WHAT TO DO = Exact reproduction is required for the lines below starting at the line with "雷允上 黄芪250g/罐 低温烘干不伤养分 甘肃原产 可泡水煮粥煲汤 48小时发货" and ending at the line with "Цвет #8DFA87 в", both included. No other lines, and no pictures.

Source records
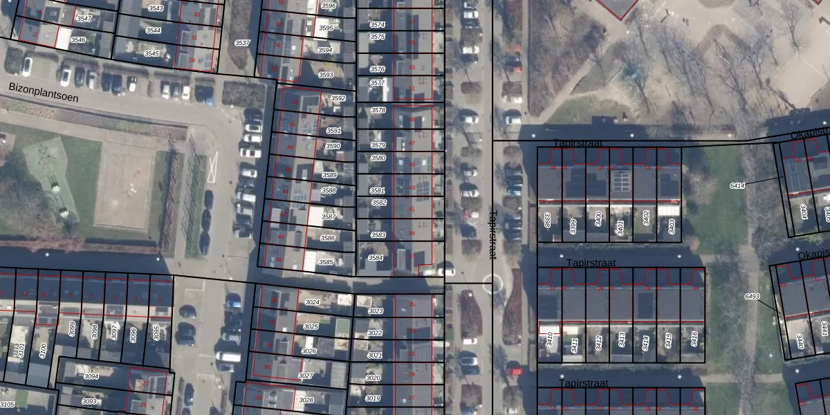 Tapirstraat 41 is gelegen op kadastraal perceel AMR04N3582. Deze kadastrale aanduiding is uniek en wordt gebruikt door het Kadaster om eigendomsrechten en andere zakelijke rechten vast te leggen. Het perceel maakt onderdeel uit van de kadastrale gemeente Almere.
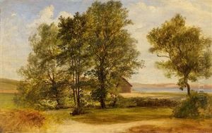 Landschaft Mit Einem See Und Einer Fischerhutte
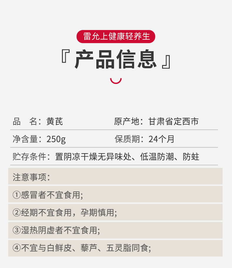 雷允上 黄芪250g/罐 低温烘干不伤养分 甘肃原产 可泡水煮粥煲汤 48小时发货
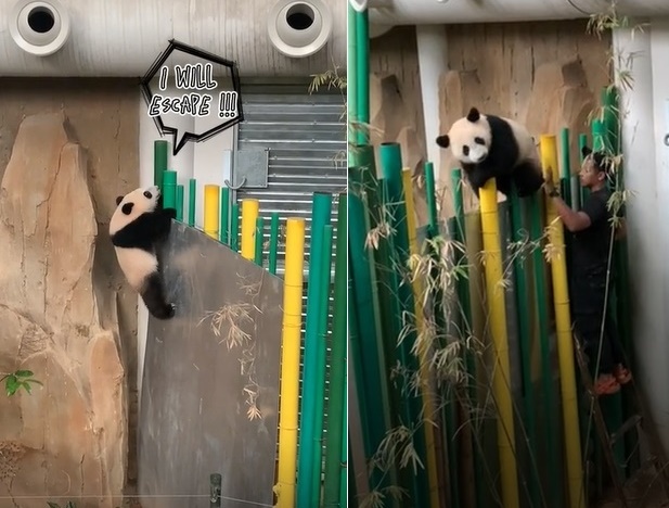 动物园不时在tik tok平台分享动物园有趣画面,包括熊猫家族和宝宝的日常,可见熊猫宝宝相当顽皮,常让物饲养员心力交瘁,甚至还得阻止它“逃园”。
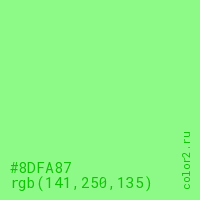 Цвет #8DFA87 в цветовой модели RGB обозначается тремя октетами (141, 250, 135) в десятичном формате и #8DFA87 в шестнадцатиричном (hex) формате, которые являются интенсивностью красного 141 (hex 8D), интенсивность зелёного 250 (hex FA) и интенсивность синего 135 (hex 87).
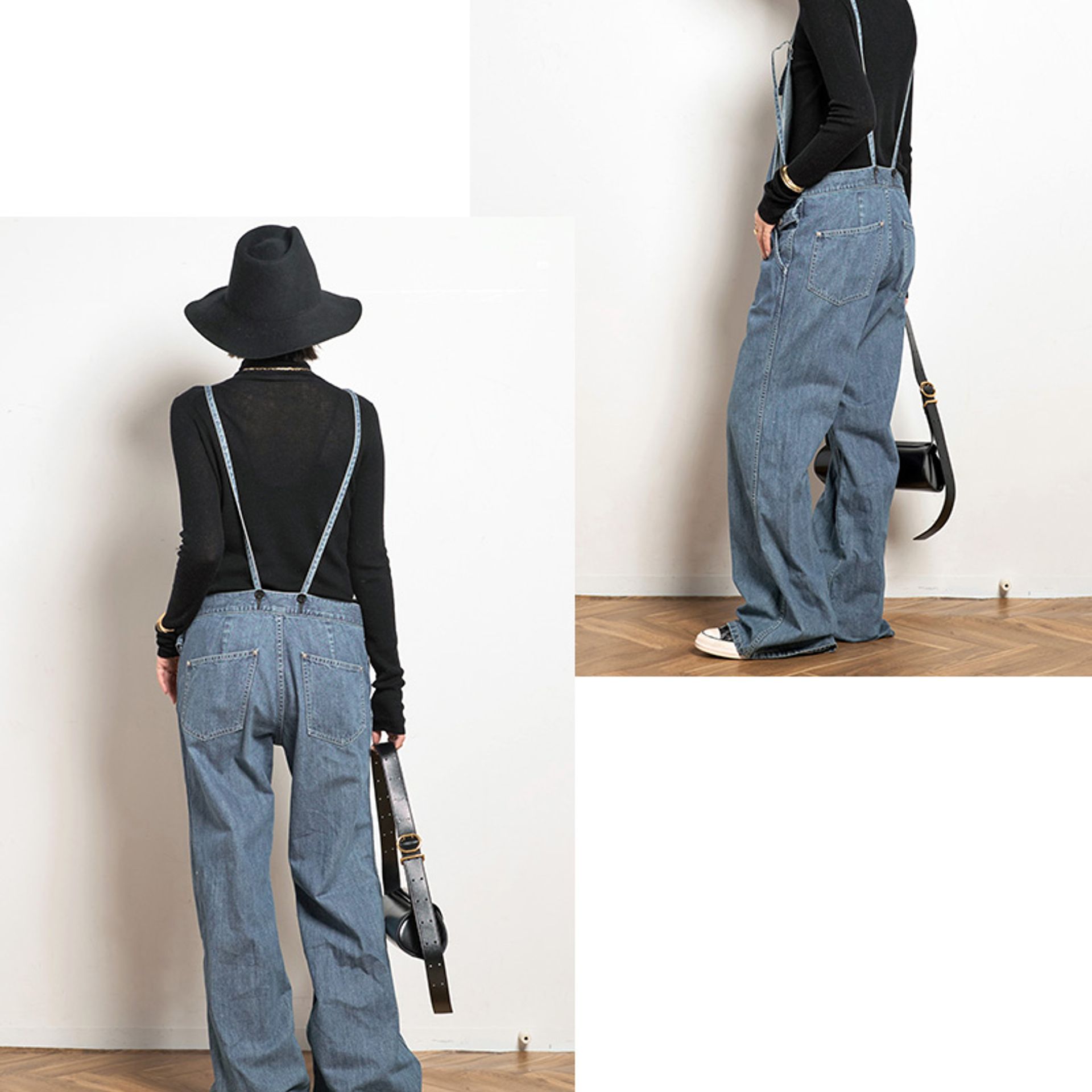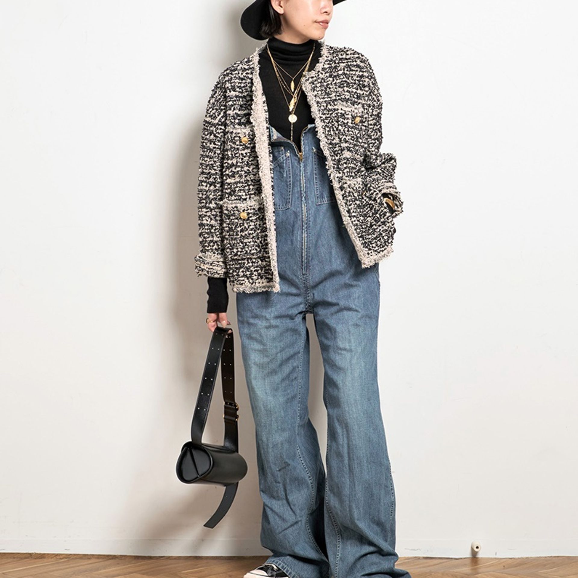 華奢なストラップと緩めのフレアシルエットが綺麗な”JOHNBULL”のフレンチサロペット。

REPLY =
 雷允上 黄芪250g/罐 低温烘干不伤养分 甘肃原产 可泡水煮粥煲汤 48小时发货
 动物园不时在tik tok平台分享动物园有趣画面,包括熊猫家族和宝宝的日常,可见熊猫宝宝相当顽皮,常让物饲养员心力交瘁,甚至还得阻止它“逃园”。
 Цвет #8DFA87 в цветовой модели RGB обозначается тремя октетами (141, 250, 135) в десятичном формате и #8DFA87 в шестнадцатиричном (hex) формате, которые являются интенсивностью красного 141 (hex 8D), интенсивность зелёного 250 (hex FA) и интенсивность синего 135 (hex 87).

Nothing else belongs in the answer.